### DATASET CONTENT
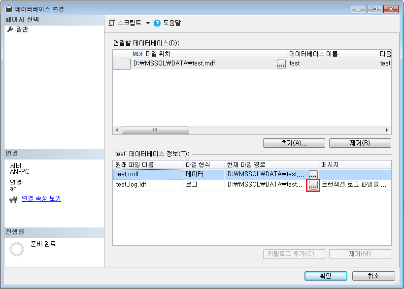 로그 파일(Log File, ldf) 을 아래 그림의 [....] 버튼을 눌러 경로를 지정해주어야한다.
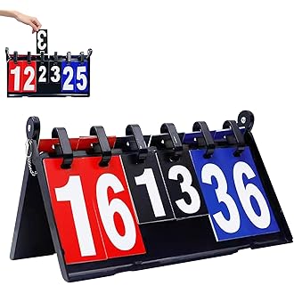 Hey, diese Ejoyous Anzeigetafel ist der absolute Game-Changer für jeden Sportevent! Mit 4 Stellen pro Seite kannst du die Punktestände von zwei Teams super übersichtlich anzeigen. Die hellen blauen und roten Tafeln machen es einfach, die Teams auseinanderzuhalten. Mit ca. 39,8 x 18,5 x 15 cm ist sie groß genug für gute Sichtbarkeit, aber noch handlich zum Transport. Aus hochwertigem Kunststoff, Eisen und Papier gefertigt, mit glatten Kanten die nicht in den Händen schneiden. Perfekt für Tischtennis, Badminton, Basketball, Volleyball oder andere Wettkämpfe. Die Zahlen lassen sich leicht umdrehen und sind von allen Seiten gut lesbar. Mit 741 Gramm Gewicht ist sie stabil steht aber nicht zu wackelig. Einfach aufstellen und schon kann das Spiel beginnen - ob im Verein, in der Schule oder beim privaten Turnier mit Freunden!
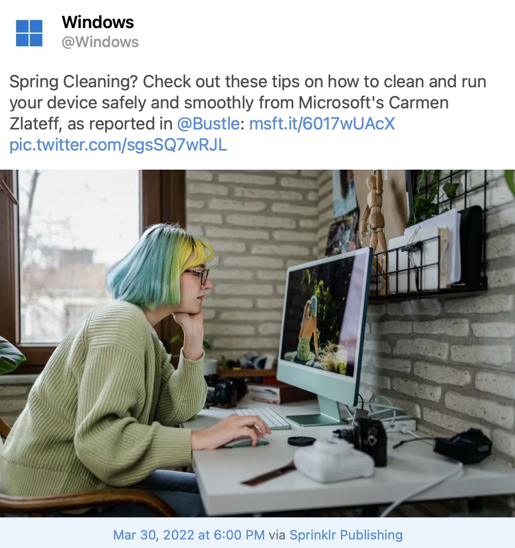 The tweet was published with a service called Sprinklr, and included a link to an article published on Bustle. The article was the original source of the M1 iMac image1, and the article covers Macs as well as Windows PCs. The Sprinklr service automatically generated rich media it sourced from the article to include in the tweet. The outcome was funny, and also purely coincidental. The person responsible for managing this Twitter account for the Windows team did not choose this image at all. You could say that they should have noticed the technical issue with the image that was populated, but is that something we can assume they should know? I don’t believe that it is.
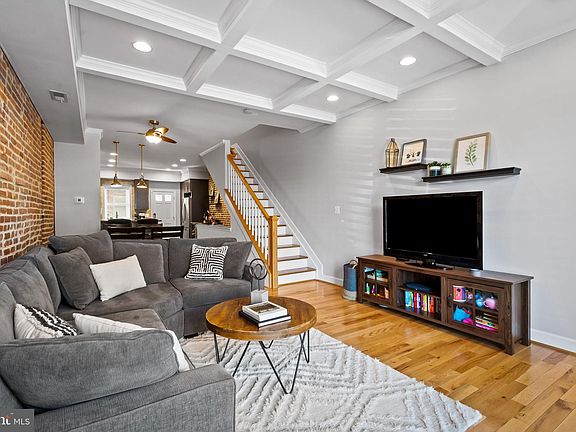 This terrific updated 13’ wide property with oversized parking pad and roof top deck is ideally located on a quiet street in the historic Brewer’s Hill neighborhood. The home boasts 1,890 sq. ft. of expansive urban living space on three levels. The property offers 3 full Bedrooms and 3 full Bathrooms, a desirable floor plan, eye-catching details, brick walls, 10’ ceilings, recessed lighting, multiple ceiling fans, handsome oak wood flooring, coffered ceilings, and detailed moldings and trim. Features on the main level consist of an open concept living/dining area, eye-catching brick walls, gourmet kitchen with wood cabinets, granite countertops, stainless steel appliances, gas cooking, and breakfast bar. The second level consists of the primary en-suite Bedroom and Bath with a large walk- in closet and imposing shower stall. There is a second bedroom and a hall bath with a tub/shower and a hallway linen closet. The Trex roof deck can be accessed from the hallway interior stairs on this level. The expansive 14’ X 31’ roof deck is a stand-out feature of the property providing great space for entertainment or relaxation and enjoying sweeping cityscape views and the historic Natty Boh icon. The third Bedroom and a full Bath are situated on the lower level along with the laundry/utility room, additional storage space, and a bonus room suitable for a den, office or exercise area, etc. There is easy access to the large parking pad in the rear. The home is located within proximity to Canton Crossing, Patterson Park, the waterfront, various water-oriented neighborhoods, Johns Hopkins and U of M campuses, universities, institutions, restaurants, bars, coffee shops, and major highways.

### AIM OF THE EXERCISE
The lines from the beginning of the listing above through the line holding "Hey, diese Ejoyous" are to be duplicated exactly, and the pictures omitted.

### EXERCISE RESULT
 로그 파일(Log File, ldf) 을 아래 그림의 [....] 버튼을 눌러 경로를 지정해주어야한다.
 Hey, diese Ejoyous Anzeigetafel ist der absolute Game-Changer für jeden Sportevent! Mit 4 Stellen pro Seite kannst du die Punktestände von zwei Teams super übersichtlich anzeigen. Die hellen blauen und roten Tafeln machen es einfach, die Teams auseinanderzuhalten. Mit ca. 39,8 x 18,5 x 15 cm ist sie groß genug für gute Sichtbarkeit, aber noch handlich zum Transport. Aus hochwertigem Kunststoff, Eisen und Papier gefertigt, mit glatten Kanten die nicht in den Händen schneiden. Perfekt für Tischtennis, Badminton, Basketball, Volleyball oder andere Wettkämpfe. Die Zahlen lassen sich leicht umdrehen und sind von allen Seiten gut lesbar. Mit 741 Gramm Gewicht ist sie stabil steht aber nicht zu wackelig. Einfach aufstellen und schon kann das Spiel beginnen - ob im Verein, in der Schule oder beim privaten Turnier mit Freunden!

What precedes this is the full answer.